Janowicz turned his back on baseball when Washington signed him to a two-year contract in November. Redskins owner George Preston Marshall said he had doubled the player’s $6,000 salary with the Pirates. “I guess it’s no secret that I’m happier in football,” Janowicz said. “It’s been a rough season, but I’m feeling more at home with every game and I only hope I can do the team some good.”

He appeared to have made the right decision. Converted to offensive left halfback in 1955, Janowicz scored the first touchdown in the opening game as the Redskins upset the defending champion Browns in Cleveland to begin a startling turnaround. After finishing 3-9 the previous year, Washington rose to second place in the NFL East with an 8-4 record, the best in a decade. Janowicz was the team’s leading rusher with 397 yards, a 4.3-yard average, and four touchdowns. He caught 11 passes for three more TDs. Although he hit only six of 20 field goal attempts, his 88 points were second in the league. At 25, he looked like a rising star.

After the season he married Marianne August, whom he had met when the Redskins visited Chicago. Their daughter Diana was born in June 1956. Two months later doctors told Marianne that the baby had cerebral palsy. Vic was in California preparing for a preseason game, so she kept the news from him.

The night after the game in Los Angeles, Janowicz attended a party at the home of teammate Gene Brito.

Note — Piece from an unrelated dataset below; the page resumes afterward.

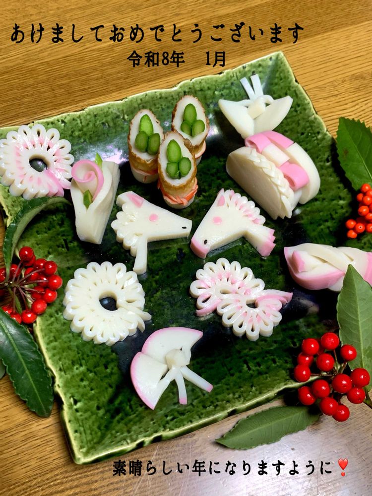 毎年恒例になった、かまぼこの飾り切り🤩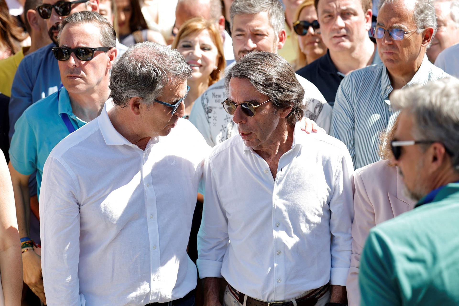 "Pokorite se demokraciji - raspišite izbore", apelirao je predsjednik PP-a Alberto Nunez Feijóo na skupu pod sloganom "Mafija ili demokracija".

He was riding back to the Redskins’ training headquarters at Occidental College in a car driven by a 21-year-old nursing student when she fell asleep at the wheel and crashed into a utility pole.

Janowicz suffered severe brain trauma that finished his football career. Although the Redskins paid his hospital bills, owner Marshall released him on the grounds that the injury was not football-related. “Do you realize that we’ve lost a tremendous amount of money because of this boy’s absence?” Marshall said. Janowicz’s teammates and coaches voted to contribute $10 a week each to help support him and his family.

The injury paralyzed his left side and caused memory lapses and confusion. Ohio State’s medical staff and athletic trainers took charge of his recovery as he struggled for four years to regain full mental and physical function. During that time Marianne suffered a miscarriage, and Vic was laid off from his job on a loading dock. He took several menial jobs to pay the bills, which included huge medical costs for his daughter’s treatment. Diana died when she was 8.

Vic and Marianne had a son, Victor II, and a daughter, Jacqueline. As his physical condition improved, he worked in public relations for a manufacturing company and as a broadcaster on Ohio State football games. In 1968 he was reported to be spearheading a movement to dump his former coach, Woody Hayes. “Not true,” Janowicz said, though he had used his radio show to criticize Hayes’s conservative offense, which was described as “three yards and a cloud of dust.”

Janowicz was elected to the College Football Hall of Fame in 1976. In 1992 a boosters organization, the Columbus Downtown Quarterback Club, named him Ohio State’s greatest athlete of the half-century. He battled prostate cancer for the last several years of his life and died on February 27, 1996, the day after his 66th birthday.